───── Material shown

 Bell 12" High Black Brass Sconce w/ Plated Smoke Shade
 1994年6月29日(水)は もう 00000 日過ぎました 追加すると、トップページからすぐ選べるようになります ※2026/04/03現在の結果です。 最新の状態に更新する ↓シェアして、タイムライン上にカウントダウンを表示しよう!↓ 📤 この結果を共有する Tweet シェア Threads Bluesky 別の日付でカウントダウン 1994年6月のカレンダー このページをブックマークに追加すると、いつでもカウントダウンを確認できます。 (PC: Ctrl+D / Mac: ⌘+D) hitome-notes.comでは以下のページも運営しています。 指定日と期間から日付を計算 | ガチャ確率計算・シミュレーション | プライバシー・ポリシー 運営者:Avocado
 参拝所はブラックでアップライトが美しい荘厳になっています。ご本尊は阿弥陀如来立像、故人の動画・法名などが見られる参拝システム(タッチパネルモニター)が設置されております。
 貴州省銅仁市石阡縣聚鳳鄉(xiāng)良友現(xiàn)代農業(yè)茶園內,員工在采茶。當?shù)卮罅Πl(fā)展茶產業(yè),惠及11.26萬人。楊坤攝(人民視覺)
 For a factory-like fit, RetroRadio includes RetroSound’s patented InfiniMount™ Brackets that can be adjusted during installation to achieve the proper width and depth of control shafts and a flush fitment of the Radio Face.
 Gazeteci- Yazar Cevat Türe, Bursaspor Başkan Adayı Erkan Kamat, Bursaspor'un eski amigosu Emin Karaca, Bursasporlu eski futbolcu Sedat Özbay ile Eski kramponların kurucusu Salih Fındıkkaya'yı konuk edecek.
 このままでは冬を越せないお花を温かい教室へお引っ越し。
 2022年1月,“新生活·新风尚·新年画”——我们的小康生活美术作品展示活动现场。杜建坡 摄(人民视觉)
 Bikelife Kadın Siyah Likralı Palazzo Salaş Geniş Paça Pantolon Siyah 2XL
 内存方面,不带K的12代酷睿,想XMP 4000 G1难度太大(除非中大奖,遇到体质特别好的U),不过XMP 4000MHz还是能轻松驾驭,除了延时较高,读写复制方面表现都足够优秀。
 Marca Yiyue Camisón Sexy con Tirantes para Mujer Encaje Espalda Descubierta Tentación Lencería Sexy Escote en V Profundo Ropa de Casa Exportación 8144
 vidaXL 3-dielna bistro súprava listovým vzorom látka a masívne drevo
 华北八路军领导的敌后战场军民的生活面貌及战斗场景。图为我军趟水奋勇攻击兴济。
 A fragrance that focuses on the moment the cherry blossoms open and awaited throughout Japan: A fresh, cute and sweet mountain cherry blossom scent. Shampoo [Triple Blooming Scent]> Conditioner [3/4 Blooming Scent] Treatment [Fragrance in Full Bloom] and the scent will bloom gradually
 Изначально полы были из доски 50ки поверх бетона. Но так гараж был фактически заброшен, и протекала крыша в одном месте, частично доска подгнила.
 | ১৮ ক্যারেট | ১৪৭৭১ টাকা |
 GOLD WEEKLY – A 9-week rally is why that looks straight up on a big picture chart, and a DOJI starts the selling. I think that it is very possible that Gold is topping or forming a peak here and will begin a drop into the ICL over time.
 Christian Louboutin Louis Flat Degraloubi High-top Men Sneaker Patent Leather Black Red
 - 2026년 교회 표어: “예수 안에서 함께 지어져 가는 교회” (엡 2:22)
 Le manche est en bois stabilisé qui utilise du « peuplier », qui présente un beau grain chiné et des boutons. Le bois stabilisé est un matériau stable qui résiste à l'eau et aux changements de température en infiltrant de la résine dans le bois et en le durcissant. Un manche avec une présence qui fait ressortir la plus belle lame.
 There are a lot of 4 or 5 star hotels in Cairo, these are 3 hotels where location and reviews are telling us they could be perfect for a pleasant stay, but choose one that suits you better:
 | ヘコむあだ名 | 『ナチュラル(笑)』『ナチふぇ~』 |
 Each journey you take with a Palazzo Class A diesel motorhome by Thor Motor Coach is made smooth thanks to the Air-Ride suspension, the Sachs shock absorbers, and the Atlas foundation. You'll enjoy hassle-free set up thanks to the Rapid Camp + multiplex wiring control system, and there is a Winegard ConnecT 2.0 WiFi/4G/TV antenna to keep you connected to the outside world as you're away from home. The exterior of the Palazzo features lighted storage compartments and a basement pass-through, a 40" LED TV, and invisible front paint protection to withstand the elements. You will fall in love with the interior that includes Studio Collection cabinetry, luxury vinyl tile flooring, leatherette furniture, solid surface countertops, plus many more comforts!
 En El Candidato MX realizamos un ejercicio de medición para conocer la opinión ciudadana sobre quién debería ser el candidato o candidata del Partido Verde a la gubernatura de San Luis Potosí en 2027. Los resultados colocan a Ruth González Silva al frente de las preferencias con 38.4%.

──────────

Exercise
Within the entries, count the lines containing the string "para" and state nothing but the result.

Answer to this problem
2